The last time Texas signed a recruiting class this small was in 2005.
Current NFL players Colt McCoy, Jamaal Charles, Quan Cosby and Jermichael Finley were among the 15 players that signed with the Longhorns less than a month after they captured the program’s fourth national title.
That was then, this is now. Texas isn’t coming off a national title. It’s coming off a 9-4 season, having lost 16 games over the past three years. And there’s no McCoy in this year’s 15-member recruiting class. The only quarterback in the class, Tyrone Swoopes, completed just 42 percent of his passes for 1-9 Whitewright last year.
Five guys decommitted from Texas over the past eight months — exactly as many as committed to it during that span. But if you ask Longhorns head coach Mack Brown, his team is better off without them.
“I don’t want anybody here that doesn’t want to be here,” Brown said. “If you’re committed to us, be committed. If you look around, we’ll look around … You want people that want to be at your school. If someone backs out on you, you’ve got to look for somebody else. That’s what happens in this world.”
If you’re searching for what’s wrong with the Longhorns’ recruiting philosophy, you don’t have to look very long anymore. When Sealy receiver Ricky Seals-Jones, one of the nation’s best wideout prospects, decommitted from Texas in June, the Longhorns stopped going after him.
Texas A&M, which also picked up former Texas commit Daeshon Hall on Wednesday, ended up signing Seals-Jones.
“Texas is very, very picky,” rivals.com national recruiting analyst Mike Farrell said. “They dropped Ricky Seals-Jones. They stopped recruiting him. In past years, that wouldn’t be a concern. But now Texas A&M is the one in the Top 10 and Texas is outside of the Top 10 nationally I think that’s something you wouldn’t have seen a few years ago when Texas was a BCS title contender and things were going really good.”
Texas has let far too many highly touted players slip through its fingers because of misplaced pride and a harmful desire to take only those who are dying to come to the 40 Acres.

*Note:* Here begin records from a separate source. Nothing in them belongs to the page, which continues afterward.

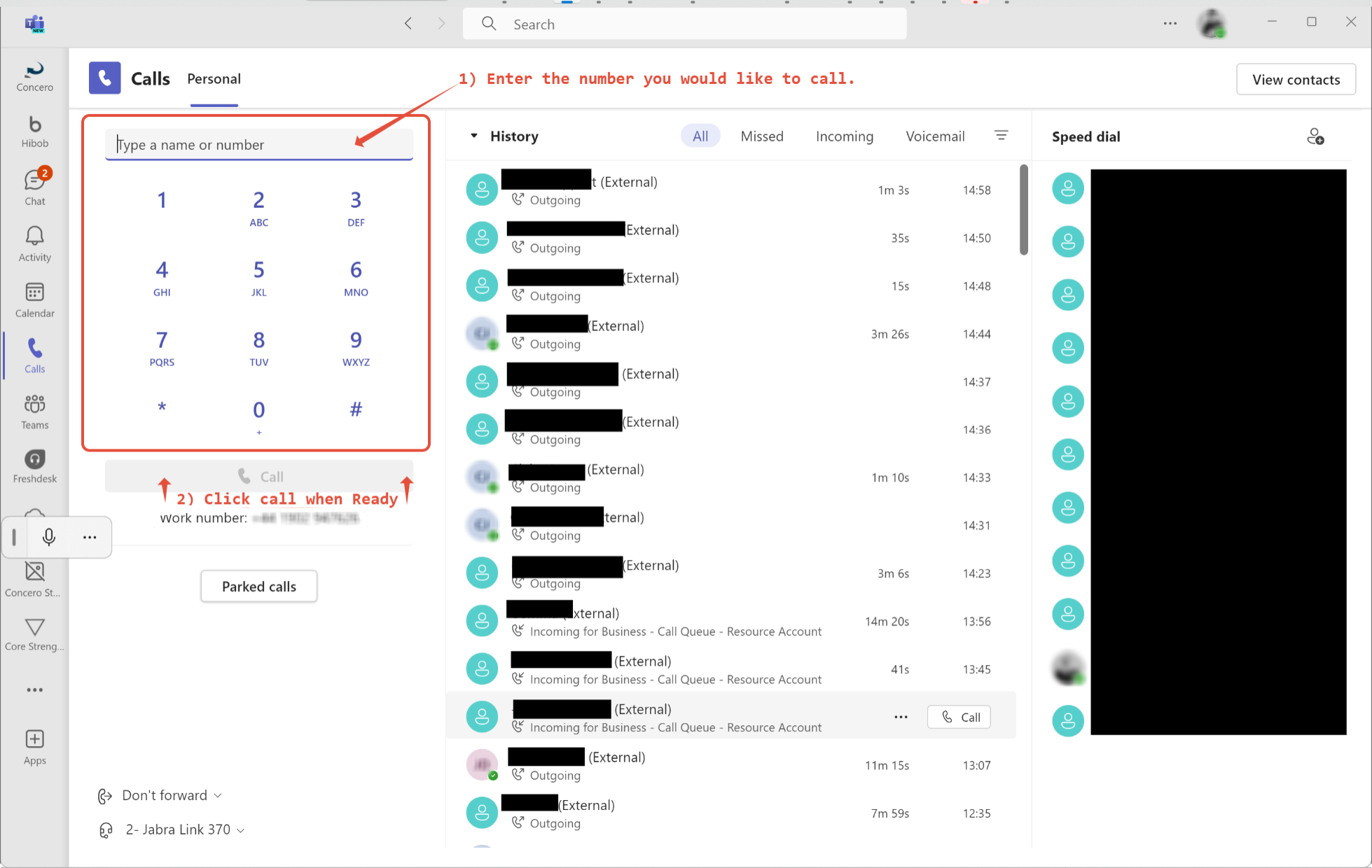 The below screen will have a dialling pad and a space to enter the number of who you would like to call, you can then click call under the dial pad to start calling the number you entered.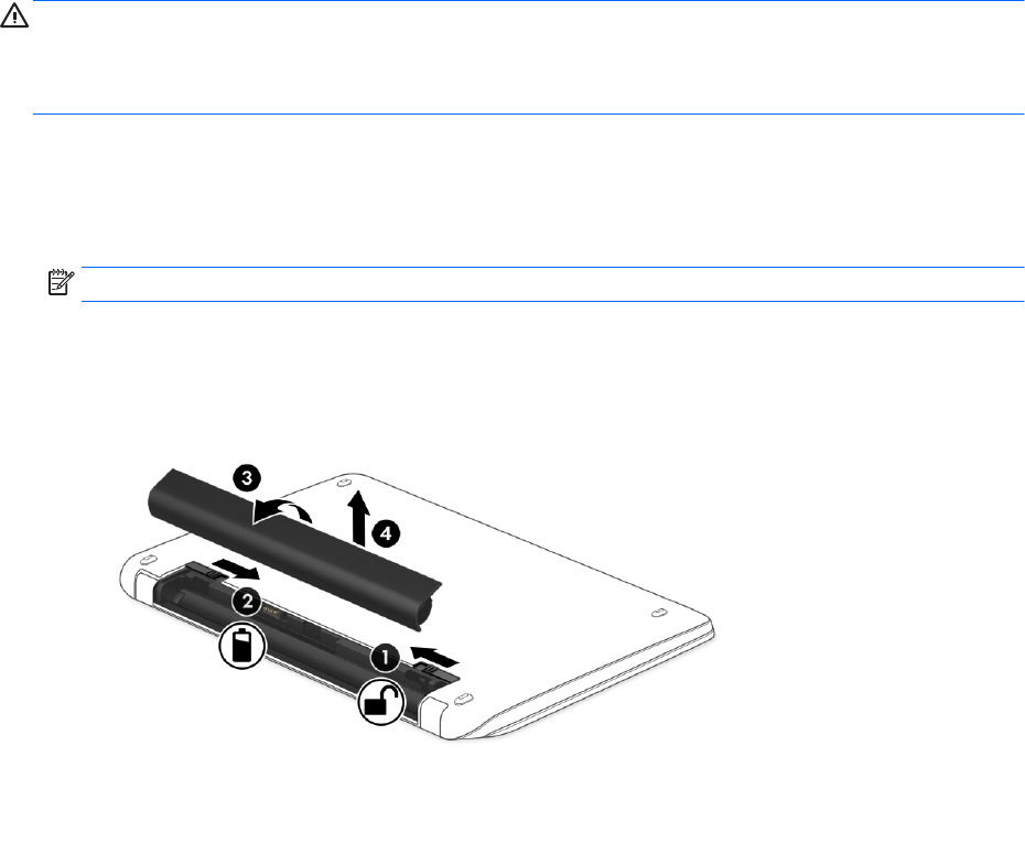 3. Ανασηκώστε την μπαταρία (3) και, στη συνέχεια, αφαιρέστε την (4) από τον υπολογιστή.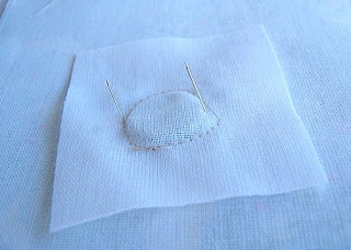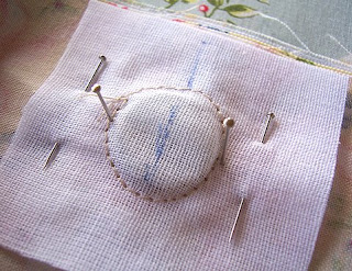 6. Pin a sew-in magnet into place - centred over the cross. Also push pins through all layers of the fabric on both side of the magnet.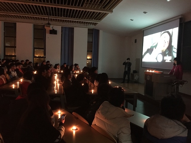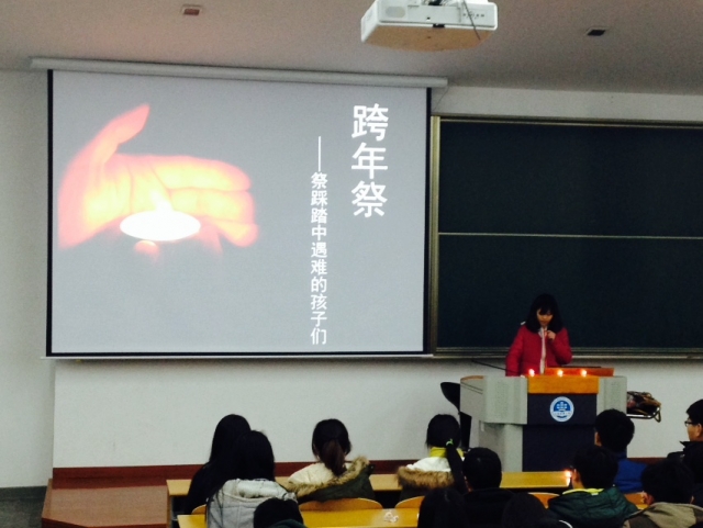 2014年12月31日晚,上海市黄浦区外滩陈毅广场发生群众拥挤踩踏事故,事故中36人死亡,49人受伤,其中大多数为青年。活动一开始,陈祯如老师首先播放了两段视频,分别反映了当天现场的情况和救治医院中的情况。接着,同学们点燃了手中的蜡烛,在陈祯如老师的主持下开始了悼念活动,郭晓琛同学在烛光中朗诵了《跨年祭—祭踩踏中遇难的孩子们》。拥挤的人潮、忙乱的医院、痛苦的家属……这些画面久久萦绕在同学们的脑海之中,同学们的表情非常凝重。朗诵完毕,全体同学默哀一分钟,愿逝者安息,愿生者坚强。悼念活动结束后,熊垟同学组织大家开展了安全教育活动,内容包括如何避免同类事件发生以及如何在踩踏事故中自救等。
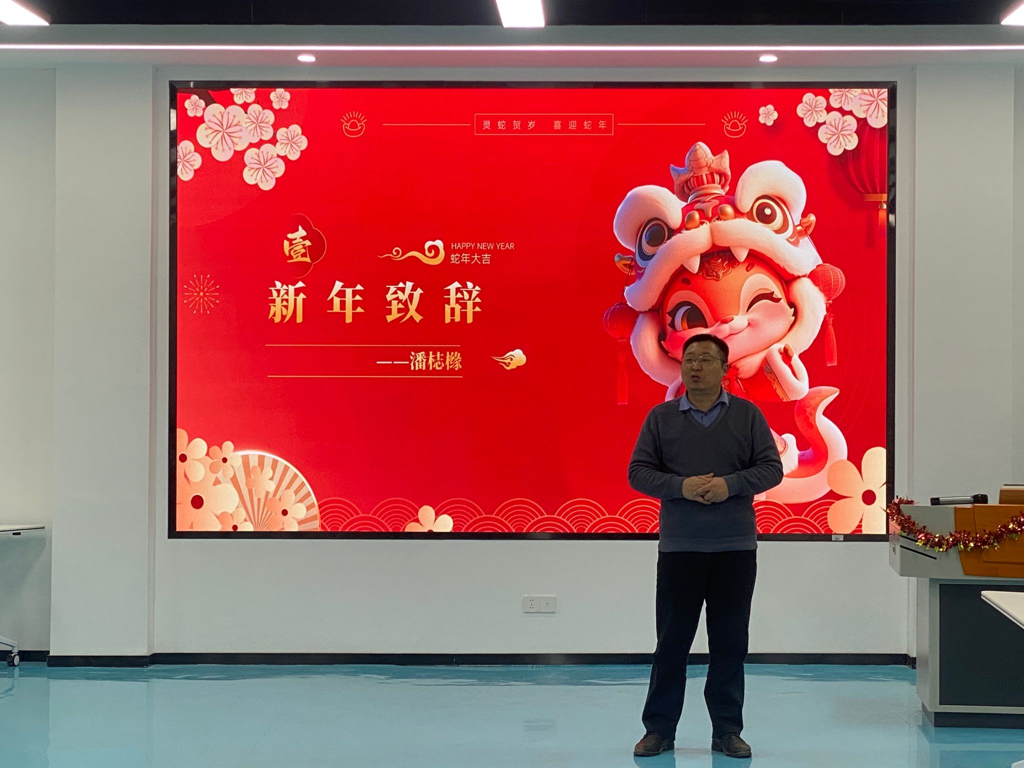 院长潘梽橼发表了新年致辞,他高度评价了全院教职工在过去一年中的辛勤工作和取得的辉煌成就,并对未来的发展方向进行了展望。同时,他也对全体教职工寄予厚望,期望在合格评估这一年中,大家能够持续加强学习,在各自的岗位上努力奋斗,为学院的发展贡献自己的力量。
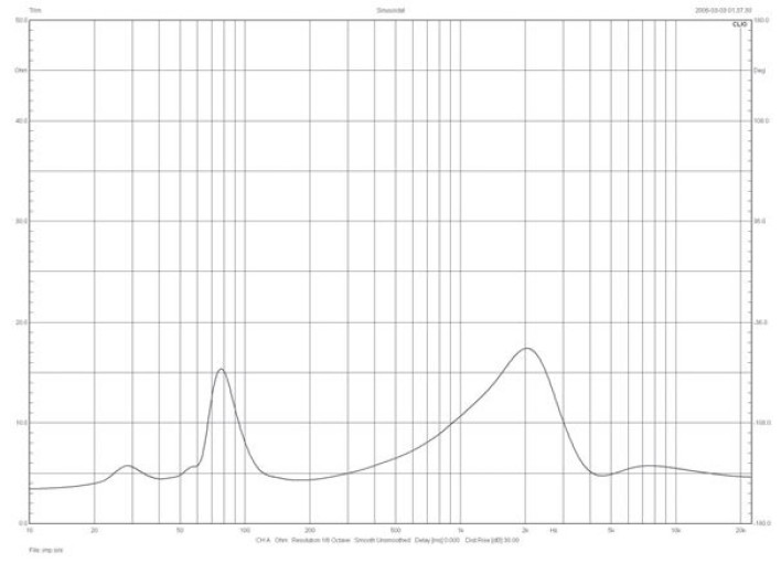 Ponownie zaczynamy od impedancji, chociaż dopiero teraz, po raz pierwszy w tym teście, mamy do czynienia z impedancją znamionową 4 Ω i deklaracją producenta, że parametr ten ma wartość... 4 Ω. Czyli tak, jak powinno być, a jak zwykle nie jest. Minimum (na charakterystyce modułu impedancji) w newralgicznym zakresie kilkuset herców ma wartość nawet nieco wyższą od 4 Ω.
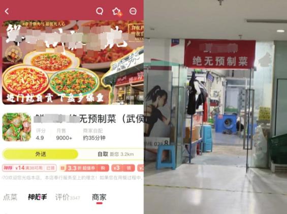 外卖平台上使用AI门头图的外卖店(左)与记者探访的真实店铺(右)大相径庭。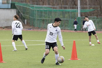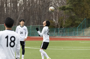 国際大のサッカー部は、人工芝のグラウンドを使い、J1北海道コンサドーレ札幌から派遣された監督やコーチの指導を受けながら、練習に励んでいます。ナイター設備のある恵まれた環境も自慢です。週4回の練習は個人のスキルアップとチーム戦術の理解が中心。サッカ一を楽しみながら、学生同士がお互いを尊重し合って練習しています。その成果が現れ、2022年に2部へ昇格しました。最大の目標である1部昇格まであと少しです。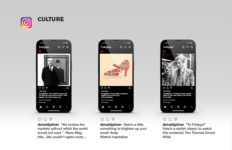 on the left: donald pliner’s instagram pre-takeover filled with product shots on nearly every post… on the right: a truer and more appealing representation of the brand with the implementation of our “brand world” categories.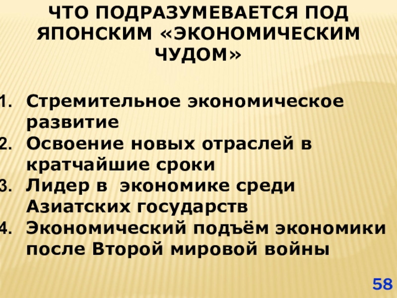 Слайд 58ЧТО ПОДРАЗУМЕВАЕТСЯ ПОД ЯПОНСКИМ «ЭКОНОМИЧЕСКИМ ЧУДОМ»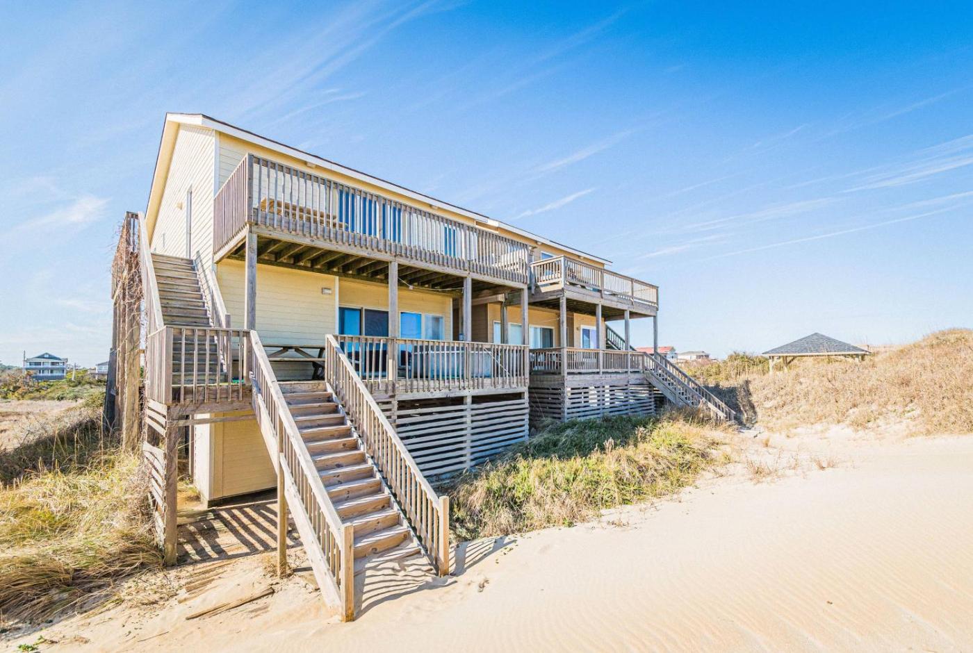 Boasting sea views, The Flying Tiger Inn - S Nags Head MP 17, Oceanfront Duplex, Ocean View, Elevator, Hot Tub is situated in Whalebone, around 1.8 km from Nags Head Beach. The holiday home features parking on-site, a hot tub and a 24-hour front desk.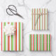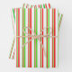 Diese festlichen, lustigen Weihnachtsdesigns sind mit rot, weiß und grün gestreiften Mustern inspiriert. Feiernde Packpapierblätter wie diese könnten Spaß machen, wenn man Geschenke vorbereitet, die anlässlich der Weihnachtsfeier gegeben werden.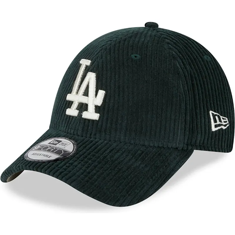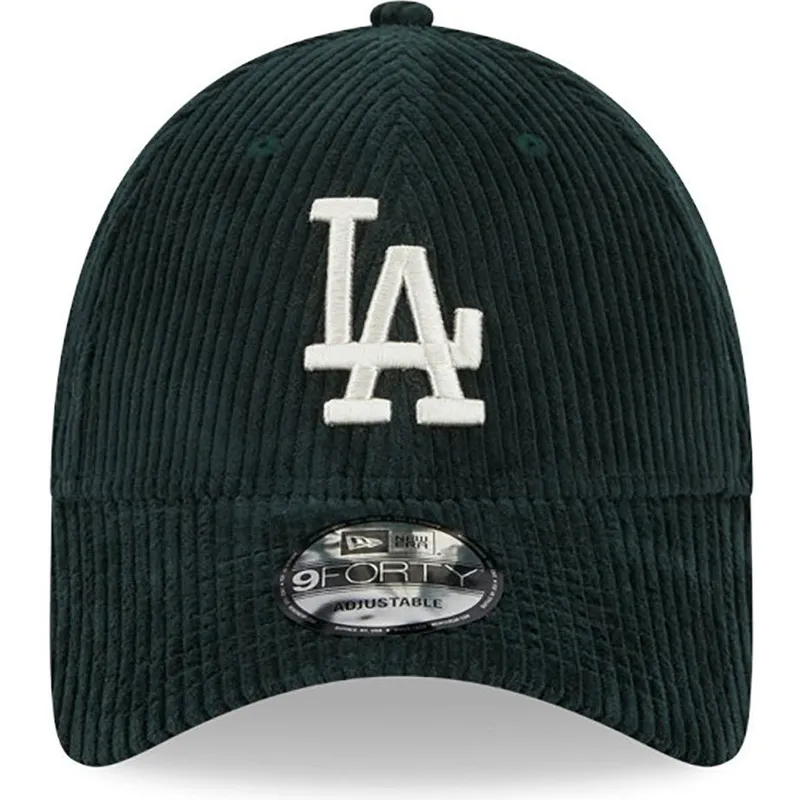 Cappellino verde con visiera curva regolabile con logo beige 9FORTY Wide Cord dei Los Angeles Dodgers MLB di New Era

It’s why Belton tight end Durham Smythe, a former high school teammate of David Ash, decommitted from the Longhorns and signed with Notre Dame. It’s why Arlington Martin running back Kyle Hicks decommitted from Texas for TCU. It’s why Fort Worth Arlington Heights defensive tackle A’Shawn Robinson, a five-star prospect, according to rivals.com, decommitted from Texas and signed with Alabama on Wednesday, leaving the Longhorns without any defensive lineman in their 2013 recruiting class.
It’s why — if Brown doesn’t swallow his pride and start fighting for players that are “looking around” — it will be a while before Texas is nationally relevant again.